| INPUT FOR THIS TASK |
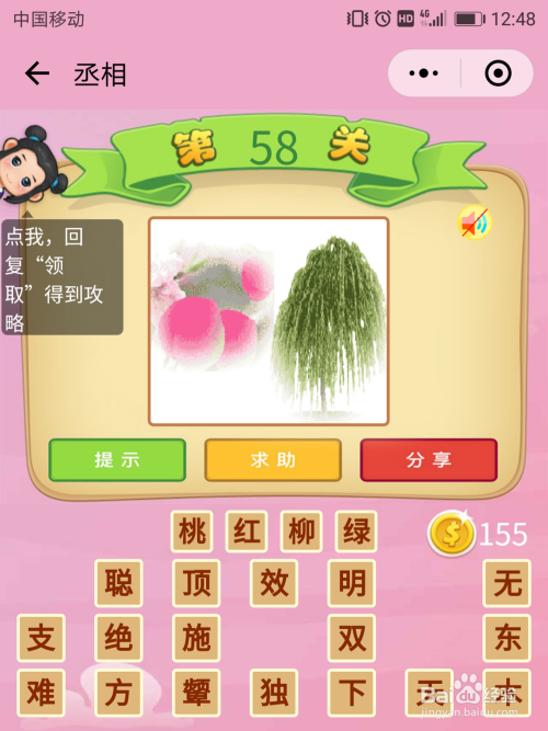 丞相58关谜底:页面上有两组小图,别离是桃子和柳树,连系其颜色就能猜到【桃红柳绿】。
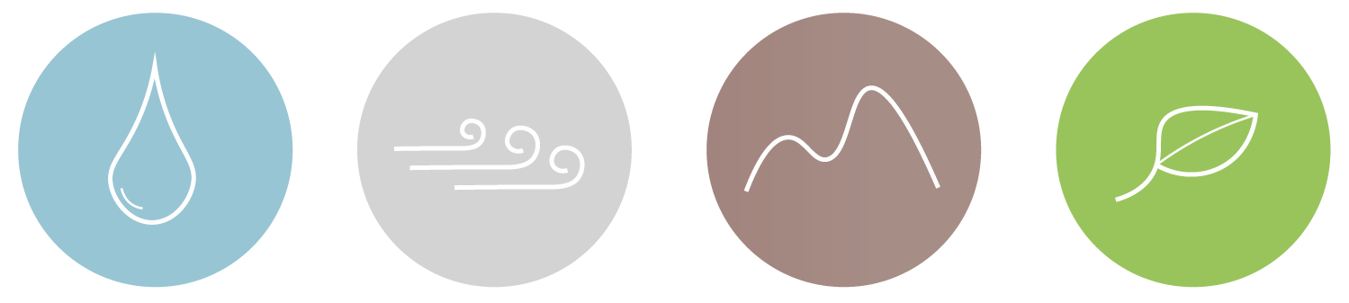 The hydrosphere contains all the water on Earth, which covers about 71% of the Earth’s surface. Water is essential to all life, and is a major component of weather patterns, and can impact many cycles and processes. The hydrosphere contains the water cycle, where water is in constant motion and change (including water evaporating from the oceans, moving through the atmosphere and percolating through the substrate via groundwater). Water movement creates hydrodynamic energy that is involved in processes, does work, and is involved in chemical processes. For example, water also modifies the Earth’s surface through processes such as erosion that weathers rock material and is involved in soil-forming processes[1]. The atmosphere is the dynamic envelope of gases on the Earth’s surface that is constantly interacting with the Earth’s components. The atmosphere is made of gases (78% nitrogen, 21% oxygen and smaller amounts of other gases, such as carbon dioxide), and water vapour. The atmosphere is essential to many life processes, such as photosynthesis, where plants extract carbon dioxide from the atmosphere and expel oxygen[1]. The geosphere includes the continental and oceanic crust and all other layers of the Earth's interior. This includes all rocks, sediments and soils, surface landforms and the processes that shape the Earth's surface. The biosphere includes all life on Earth. The biosphere also consists of life living on or in the Earth's geosphere and hydrosphere, including humans and all organic matter that has not yet decomposed[1]. The biosphere may be discontinuous and irregular, yet it interacts with, and is connected to, all other spheres within which it is intricately interwoven. Life exists within specific environmental settings which are a result of the mix of components on processes that form habitats.
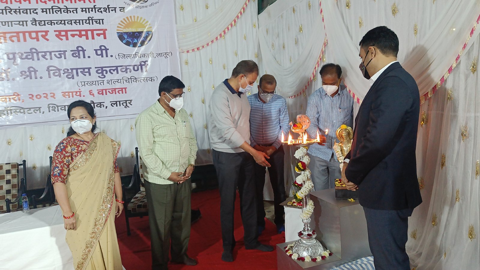 सुधाकरराव कुलकर्णी स्मृती प्रतिष्ठान व त्याअंतर्गत मराठी विज्ञान परिषदेच्या पानगाव विभागाच्या ‘कोरोना जागर’ या जनजागृती परिसंवाद मालिकेतील वैद्यकव्यवसायी साधन व्यक्तींचा प्रतिष्ठानच्या चतुर्थ वर्धापनदिनानिमित्त कृतज्ञतापर सन्मान आयोजित करण्यात आला, त्याप्रसंगी ते बोलत होते. कार्यक्रमात लातूरच्या एम. आय. एम. एस. आर. वैद्यकीय महाविद्यालयातील सहयोगी अधिष्ठाता डॉ. बी.एस. नागोबा, जनआरोग्य वैद्यकशास्त्र विभागप्रमुख डॉ. मुकुंद भिसे, शरीररचनाशास्त्र विभागाचे डॉ. महेश उगले, औषधनिर्माणशास्त्र विभागाचे डॉ. अभिजीत मुगळीकर, लातूर येथील कृष्णा विश्लेषक प्रयोगशाळेच्या डॉ. ऋजुता अयाचित, अतिदक्षतातज्ज्ञ डॉ. शिरीष पाटील, डॉ. सौ. सुनिता पाटील, डॉ. अरुण मोरे, मानसोपचार तज्ज्ञ व समुपदेशक डॉ. मिलिंद पोतदार, डॉ. सौ. अनघा राजपूत, डॉ. दिनेश पाटील व मिरज येथील शासकीय वैद्यकीय महाविद्यालयातील सहयोगी प्राध्यापिका डॉ. प्रिया देशपांडे या मान्यवर अनुभवी व संशोधक तज्ज्ञांचा त्यांच्या ‘कोरोना जागर’ या उपक्रमातील निर्व्याज योगदानाबद्दल जिल्हाधिकारी महोदयांच्या हस्ते सत्कार करण्यात आला. तसेच, कोविडमृतांच्या पार्थिवांवर अंत्यसंस्कार करणाऱ्या लातूर महापालिकेतील सेवाकर्मी स्वच्छता निरीक्षक श्री. सिद्धाजी अंबादास मोरे यांचाही याप्रसंगी हृद्य सत्कार करण्यात आला.
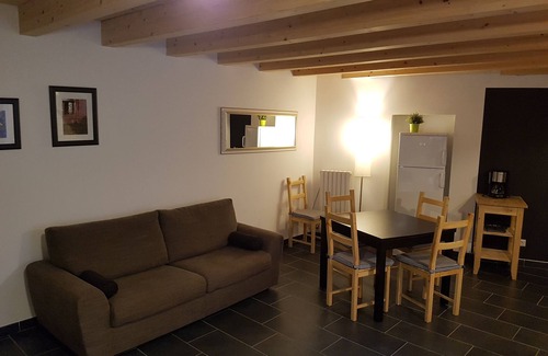 Living room with sofa bed for two, satellite TV, Wi-Fi and table for six people
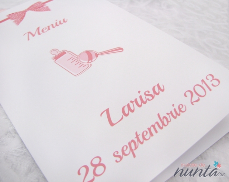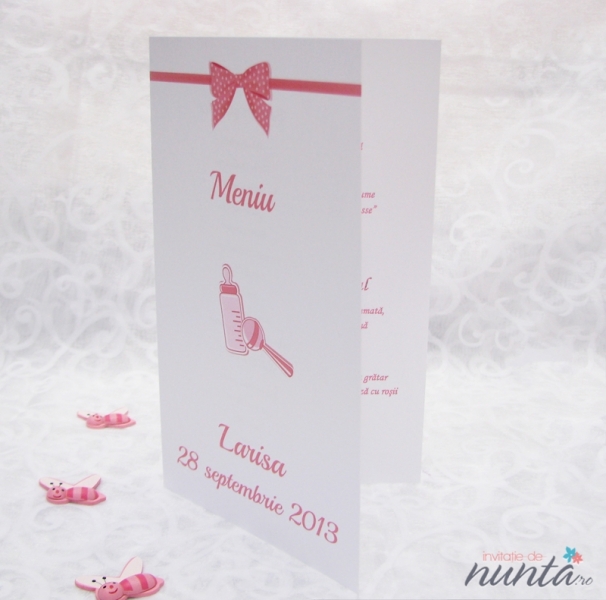 Meniu de botez din carton alb, mat, ce are ilustrate un biberon, o jucarie si o fundita roz cu buline. Pe exterior se tiparesc numele copilului, data nasterii si cuvantul "Meniu".

| ASSIGNED TASK |
Restate the entries above word for word, keeping pictures out of the copy.

| YOUR SOLUTION |
 丞相58关谜底:页面上有两组小图,别离是桃子和柳树,连系其颜色就能猜到【桃红柳绿】。
 The hydrosphere contains all the water on Earth, which covers about 71% of the Earth’s surface. Water is essential to all life, and is a major component of weather patterns, and can impact many cycles and processes. The hydrosphere contains the water cycle, where water is in constant motion and change (including water evaporating from the oceans, moving through the atmosphere and percolating through the substrate via groundwater). Water movement creates hydrodynamic energy that is involved in processes, does work, and is involved in chemical processes. For example, water also modifies the Earth’s surface through processes such as erosion that weathers rock material and is involved in soil-forming processes[1]. The atmosphere is the dynamic envelope of gases on the Earth’s surface that is constantly interacting with the Earth’s components. The atmosphere is made of gases (78% nitrogen, 21% oxygen and smaller amounts of other gases, such as carbon dioxide), and water vapour. The atmosphere is essential to many life processes, such as photosynthesis, where plants extract carbon dioxide from the atmosphere and expel oxygen[1]. The geosphere includes the continental and oceanic crust and all other layers of the Earth's interior. This includes all rocks, sediments and soils, surface landforms and the processes that shape the Earth's surface. The biosphere includes all life on Earth. The biosphere also consists of life living on or in the Earth's geosphere and hydrosphere, including humans and all organic matter that has not yet decomposed[1]. The biosphere may be discontinuous and irregular, yet it interacts with, and is connected to, all other spheres within which it is intricately interwoven. Life exists within specific environmental settings which are a result of the mix of components on processes that form habitats.
 सुधाकरराव कुलकर्णी स्मृती प्रतिष्ठान व त्याअंतर्गत मराठी विज्ञान परिषदेच्या पानगाव विभागाच्या ‘कोरोना जागर’ या जनजागृती परिसंवाद मालिकेतील वैद्यकव्यवसायी साधन व्यक्तींचा प्रतिष्ठानच्या चतुर्थ वर्धापनदिनानिमित्त कृतज्ञतापर सन्मान आयोजित करण्यात आला, त्याप्रसंगी ते बोलत होते. कार्यक्रमात लातूरच्या एम. आय. एम. एस. आर. वैद्यकीय महाविद्यालयातील सहयोगी अधिष्ठाता डॉ. बी.एस. नागोबा, जनआरोग्य वैद्यकशास्त्र विभागप्रमुख डॉ. मुकुंद भिसे, शरीररचनाशास्त्र विभागाचे डॉ. महेश उगले, औषधनिर्माणशास्त्र विभागाचे डॉ. अभिजीत मुगळीकर, लातूर येथील कृष्णा विश्लेषक प्रयोगशाळेच्या डॉ. ऋजुता अयाचित, अतिदक्षतातज्ज्ञ डॉ. शिरीष पाटील, डॉ. सौ. सुनिता पाटील, डॉ. अरुण मोरे, मानसोपचार तज्ज्ञ व समुपदेशक डॉ. मिलिंद पोतदार, डॉ. सौ. अनघा राजपूत, डॉ. दिनेश पाटील व मिरज येथील शासकीय वैद्यकीय महाविद्यालयातील सहयोगी प्राध्यापिका डॉ. प्रिया देशपांडे या मान्यवर अनुभवी व संशोधक तज्ज्ञांचा त्यांच्या ‘कोरोना जागर’ या उपक्रमातील निर्व्याज योगदानाबद्दल जिल्हाधिकारी महोदयांच्या हस्ते सत्कार करण्यात आला. तसेच, कोविडमृतांच्या पार्थिवांवर अंत्यसंस्कार करणाऱ्या लातूर महापालिकेतील सेवाकर्मी स्वच्छता निरीक्षक श्री. सिद्धाजी अंबादास मोरे यांचाही याप्रसंगी हृद्य सत्कार करण्यात आला.
 Living room with sofa bed for two, satellite TV, Wi-Fi and table for six people
 Meniu de botez din carton alb, mat, ce are ilustrate un biberon, o jucarie si o fundita roz cu buline. Pe exterior se tiparesc numele copilului, data nasterii si cuvantul "Meniu".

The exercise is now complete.